Pour contrer les ambitions d’Amber Capital, Arnaud Lagardère a recherché un chevalier blanc. Vincent Bolloré est venu à son secours au printemps. Mais très vite, il est apparu que le chevalier blanc était aussi devenu prédateur. Bernard Arnault est alors également rentré dans la danse en soutien à Arnaud Lagardère à travers une prise de participation dans la holding personnelle d’Arnaud Lagardère.
2 camps s’opposent désormais avec d’un côté le duo Bolloré – Amber Capital et de l’autre le duo Arnault – Lagardère avec Nicolas Sarkozy en arbitre. Duel de fauves ou de vautours : l’histoire le dira.
Mise à jour du 31/01/2021 : après une courte pause Covid, les fonds activistes sont repartis à l’attaque
L’épidémie de Covid-19 au mois de mars 2020 avait mis leur activité en sourdine avec un nombre de campagnes au plus bas depuis 5 ans. Mais la fin d’année a vu le retour des vautours avec une hausse selon Lazard des campagnes de 128% au dernier trimestre. Parmi les cibles emblématiques figure Intel, attaqué par le fonds Third Point, dont le leadership est menacé par des concurrents mieux positionnés sur le marché des puces pour l’IA.
La France n’est pas en reste. Le consortium d’actionnaires minoritaires mené par Xavier Niel et Léon Bressler a renversé la direction d’Unibail-Rodamco-Westfield. La bataille se poursuit autour de Lagardère.
Et c’est maintenant Danone et son président Emmanuel Faber qui sont sous le feu du fonds activiste Bluebell Capital Partners. Le fonds reproche à Danone ses piètres performances financières doutant de sa capacité à associer création de valeurs pour les actionnaires et création de valeur durable et demande le départ du PDG. Emmanuel Faber avait pourtant annoncé de suppression de 2000 emplois dans ses sièges sociaux visant 1 milliard d’€ d’économies. Apparemment insuffisant pour les vautours!!!

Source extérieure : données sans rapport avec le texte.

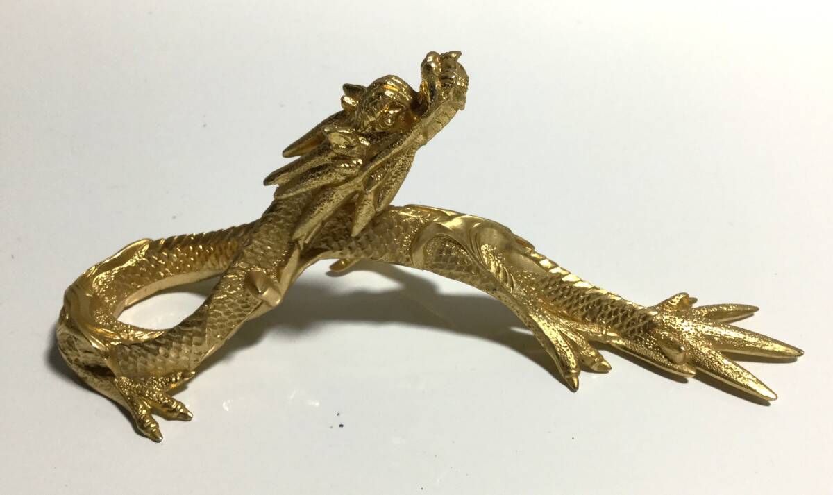 - 金属製 置物 ペーパーウエイト 黄金龍 龍 文鎮 頭のみ取り外し可 金属工芸 ※中古品

Mise à jour du 15/03/2021 : les fonds activistes ont-ils eu la peau d’Emmanuel Faber?
Depuis le début de l’année l’anglais Bluebell Capital et l’américain Artisan Partners réclamaient le départ d’Emmanuel Faber l’emblématique patron de Danone, apôtre de la RSE et de l’entreprise à mission. Les commentateurs y ont vu l’opposition entre les capitalistes financiers et les tenants d’un nouveau modèle d’entreprise plus durable avec une victoire par KO des méchants.
Pourtant à y regarder de plus près, tout n’est pas si simple. Bluebell Capital et Artisan Partners sont toujours restés ultra-minoritaires dans le capital de Danone. Artisan Partners avait annoncé détenir 3% du capital. C’est bien le conseil d’administration à commencer par Franck Riboud l’ancien PDG qui a lâché Emmanuel Faber. On a vu d’autres conseils solidaires d’un PDG lors d’attaques d’activistes.
Emmanuel Faber a payé des résultats financiers certes décevants mais restant très positifs et un cours de bourse en berne. Cela pose question sur la folie du capitalisme. Mais est il vraiment pertinent d’opposer valeur économique et sociétale comme l’explique cet intéressant article de Philippe Zilberzahn? Il a aussi payé des choix stratégiques et un mode de management autoritaire extrêmement contestés en interne. Cela s’était traduit par de nombreux départs dans le top management du groupe. Le plan massif de suppression d’emplois dans l’encadrement était un bain de sang social, pas vraiment cohérent avec l’image humaniste d’Emmanuel Faber véhiculée dans les médias.